» SUPPLIED INFORMATION:
━━━
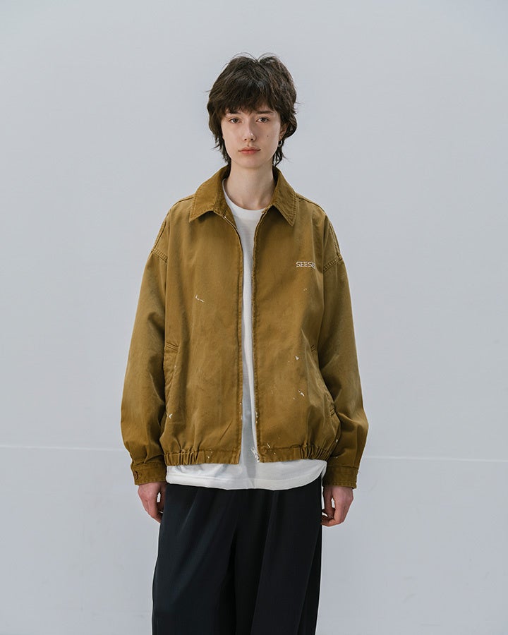 ベーシックSWINGTOPをオーバーサイズにアレンジしたSEE SEEオリジナルシルエットのコットンSWINGTOP。素材は微起毛を施した高密度のチノクロス生地にエイジング加工を加えております。微起毛による独特なタッチ、風合いが特徴の素材です。
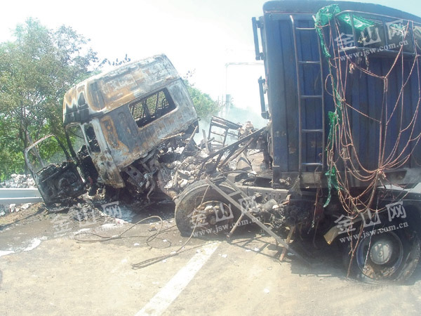 金山網(wǎng)訊 7月30日中午,揚(yáng)溧高速公路發(fā)生驚險(xiǎn)一幕,由于司機(jī)駕車時(shí)打盹,一輛半掛車行駛中突然撞上右側(cè)隔離護(hù)欄。撞破護(hù)欄后車子側(cè)翻,隨后車頭起火,引燃貨物包裝紙箱,車頭燒毀(見(jiàn)圖 仇建新 攝),連車帶貨損失巨大,萬(wàn)幸的是,車上人員無(wú)恙。
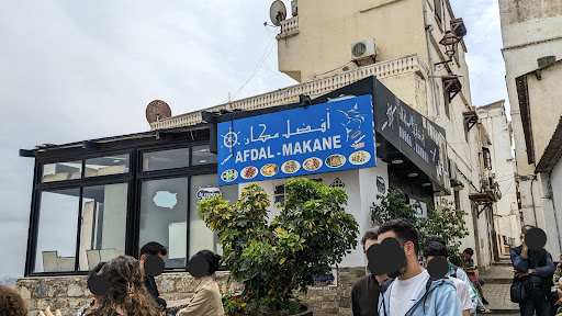 Whenever you talk about visiting the casbah, this is one of the first places you get recommended to go to when there. First of all you need to walk a lot to get there, or you can also go with your car and park not too far. The place itself is quite small with only a few tables, so prepare to sit with other people at the same table when need be. I don't know if the timing was wrong, but a long queue was formed in a short time when I went, so of course we couldn't eat slowly while a bunch of people kept waiting (The half eaten food in the picture is proof since we were hungry and eager to finish). The view, which is endlessly raved about was nice but nothing extraordinary, and you can't even see it when you're seated. Coming to the food itself, it was again good but nothing impressive, while the prices were a bit expensive compared to other places. I recommend ordering different things if you're with others to taste more food. The menue is offered and you get to choose between salads, soups, fries, and seafood. The service was okay.
━━━
» PROBLEM DETAILS:
The response should be the full material, repeated exactly, with images removed.

» RESPONSE TO THE TASK:
 ベーシックSWINGTOPをオーバーサイズにアレンジしたSEE SEEオリジナルシルエットのコットンSWINGTOP。素材は微起毛を施した高密度のチノクロス生地にエイジング加工を加えております。微起毛による独特なタッチ、風合いが特徴の素材です。
 金山網(wǎng)訊 7月30日中午,揚(yáng)溧高速公路發(fā)生驚險(xiǎn)一幕,由于司機(jī)駕車時(shí)打盹,一輛半掛車行駛中突然撞上右側(cè)隔離護(hù)欄。撞破護(hù)欄后車子側(cè)翻,隨后車頭起火,引燃貨物包裝紙箱,車頭燒毀(見(jiàn)圖 仇建新 攝),連車帶貨損失巨大,萬(wàn)幸的是,車上人員無(wú)恙。
 Whenever you talk about visiting the casbah, this is one of the first places you get recommended to go to when there. First of all you need to walk a lot to get there, or you can also go with your car and park not too far. The place itself is quite small with only a few tables, so prepare to sit with other people at the same table when need be. I don't know if the timing was wrong, but a long queue was formed in a short time when I went, so of course we couldn't eat slowly while a bunch of people kept waiting (The half eaten food in the picture is proof since we were hungry and eager to finish). The view, which is endlessly raved about was nice but nothing extraordinary, and you can't even see it when you're seated. Coming to the food itself, it was again good but nothing impressive, while the prices were a bit expensive compared to other places. I recommend ordering different things if you're with others to taste more food. The menue is offered and you get to choose between salads, soups, fries, and seafood. The service was okay.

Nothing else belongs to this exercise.